There were no significant differences between groups in LVEF at day 1 and day 30 after PCI. A total of 8 patients (2.3%) died during the 30-day follow-up period. All-cause mortality did not differ significantly between the pro-UK group (2.7%), tirofiban group (2.6%) and control group (1.7%). The incidence of MACEs was low and not significantly different between the pro-UK group (4.5%), tirofiban group (3.4%), and control group (2.6%).
Safety data are presented in Table 4. The incidences of in-hospital TIMI major and minor bleeding were low and comparable between the pro-UK group (1.8 and 1.8%, respectively), tirofiban group (0.9 and 1.7%, respectively), and control group (0 and 0.9%, respectively). The incidence of TIMI minimal bleeding was numerically higher in the pro-UK group (13.5%) than in the tirofiban group (6.8%) or control group (6.0%), although the differences were not statistically significant (P = 0.078). One patient in the pro-UK group died from intracranial hemorrhage.
An important finding of the present study was that patients with STEMI receiving adjunctive intracoronary pro-UK or tirofiban during PCI had a better post-procedural CTFC than patients administered normal saline as a control. Furthermore, the pro-UK and tirofiban groups had more complete ST-segment resolution at 2 h and lower peak CK-MB level after PCI than the control group. The incidence of in-hospital TIMI major bleeding events was low and comparable between groups. Our results indicate that intracoronary administration of pro-UK or tirofiban during primary PCI for acute STEMI can improve myocardial reperfusion without increasing the rate of in-hospital major bleeding. To our knowledge, the ERUPTION study is the largest clinical trial to date to compare the effects of intracoronary fibrinolytic therapy with intracoronary administration of a glycoprotein IIb/IIIa inhibitor in patients with STEMI undergoing primary PCI, most of whom had a high thrombus burden and were treated using manual thrombus aspiration via radial artery access.
Distal embolization of thrombus from the culprit coronary artery during primary PCI can contribute to microvascular obstruction, and a high thrombus burden is associated with distal thrombus embolization and the no-reflow phenomenon during primary PCI. Glycoprotein IIb/IIIa inhibitors can prevent platelet aggregation and reduce thrombotic events in patients with acute coronary syndrome (34). Randomized clinical trials have suggested that intracoronary administration of tirofiban to achieve a high local concentration of the drug can reverse no-flow phenomena and attenuate microvascular obstruction in patients with STEMI undergoing primary PCI (19, 35–37). Our finding that myocardial reperfusion is improved by intracoronary infusion of tirofiban during primary PCI for acute STEMI is consistent with the above studies and with numerous other investigations evaluating the effects of intracoronary administration of glycoprotein IIb/IIIa inhibitors during PCI (14–19).
Theoretically, fibrinolytic therapy should be a more effective treatment for the fibrin-rich thrombi that undergo distal embolization and cause microvascular obstruction. The present study was designed to have sufficient power to detect whether intracoronary administration of pro-UK or tirofiban would improve final coronary flow when compared with a control group. We observed better outcomes for CTFC and MBG in patients randomized to pro-UK or tirofiban than in patients administered normal saline. The pro-UK and tirofiban groups also exhibited clinically relevant improvements in ST-segment resolution (an indicator of myocardial reperfusion) and peak CK-MB level (an indicator of infarct size) when compared with the control group, and these findings are consistent with those reported by Sezer et al. (22, 23). Although there were no significant differences between groups in the incidences of clinical events (including non-fatal reinfarction, target vessel revascularization, and cardiac death) during the 30-day follow-up period, it should be noted that our study would have had insufficient power to detect differences between groups because the rates of these clinical events were low.

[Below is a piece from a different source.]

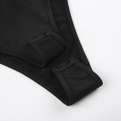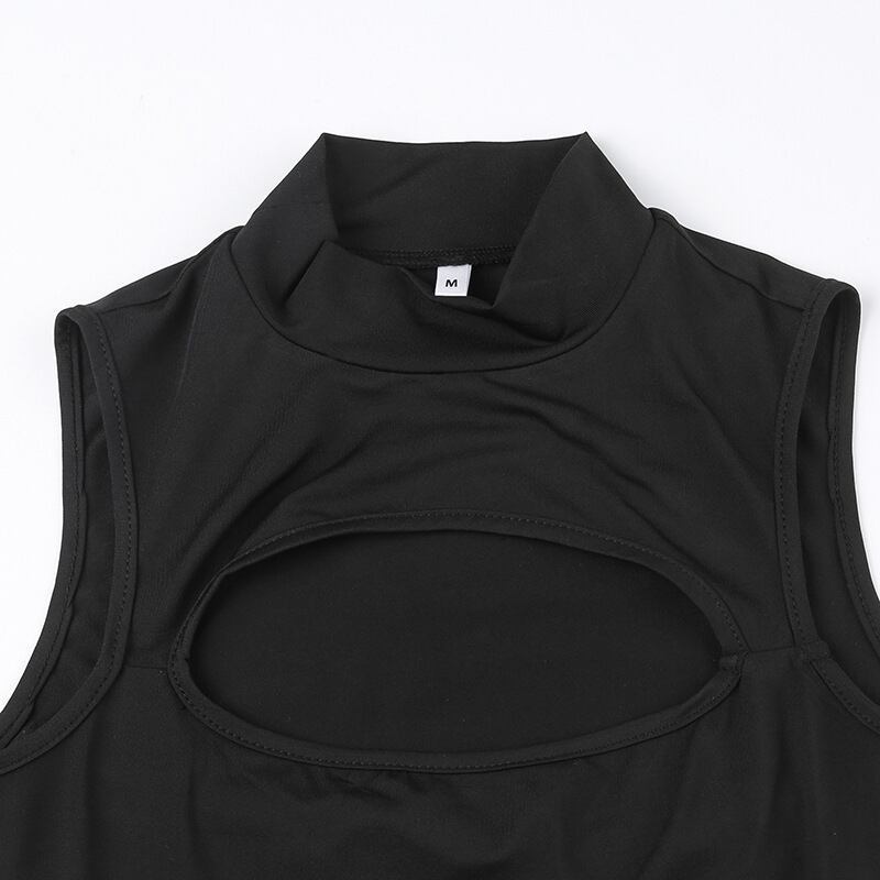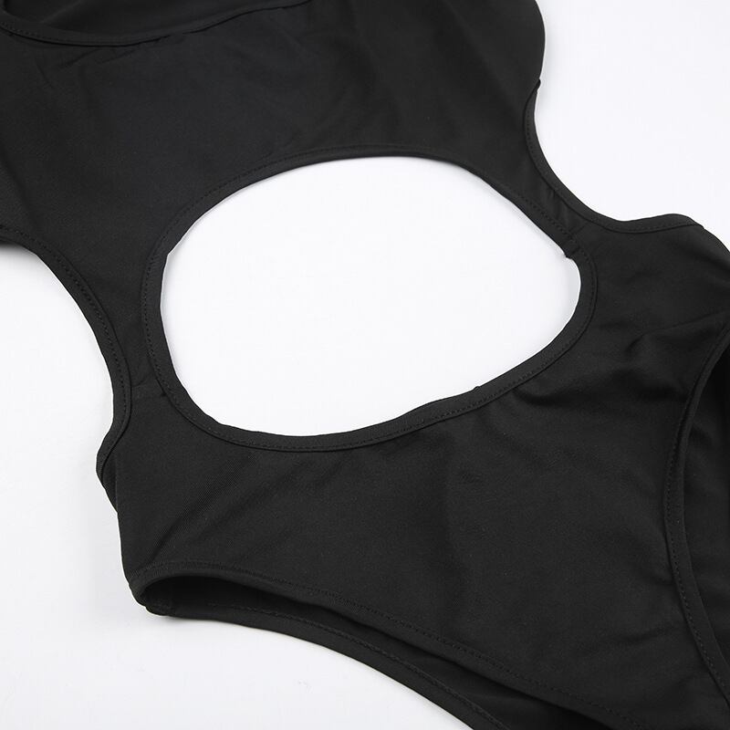 送料無料 ゴスダークカットアウトセクシーな Techwear 黒ボディスーツ Y2k パンクゴシック固体スキニー女性トップスグランジノースリーブモックネック Alt ボディスーツ ブラック ソリッドカラー AE155588777405557536

Recombinant human pro-UK was selected for use in the present study because it is a fibrin-specific fibrinolytic drug associated with a higher patency rate and fewer bleeding complications than streptokinase (25, 26). The dose of pro-UK (20 mg) used for intracoronary infusion in our study was around 40% of the usual total dose given for intravenous fibrinolytic therapy of myocardial infarction (a bolus dose of 20 mg administered over a 3-min period followed by the infusion of 30 mg during the next 30 min). The dose of streptokinase (250 kU) administered by intracoronary infusion in the studies of Sezer et al. was also lower than the total dose usually given intravenously in patients with myocardial infarction because of the high bleeding risk associated with this agent (22, 23). Another randomized clinical trial utilized low-dose alteplase (10–20 mg) for intracoronary administration (21). The dose of pro-UK used in the present study was selected based on the results of previous investigations, which suggested that local administration of 10–20 mg pro-UK could promote thrombus dissolution and improve myocardial perfusion without increasing the incidence of major bleeding events (38, 39).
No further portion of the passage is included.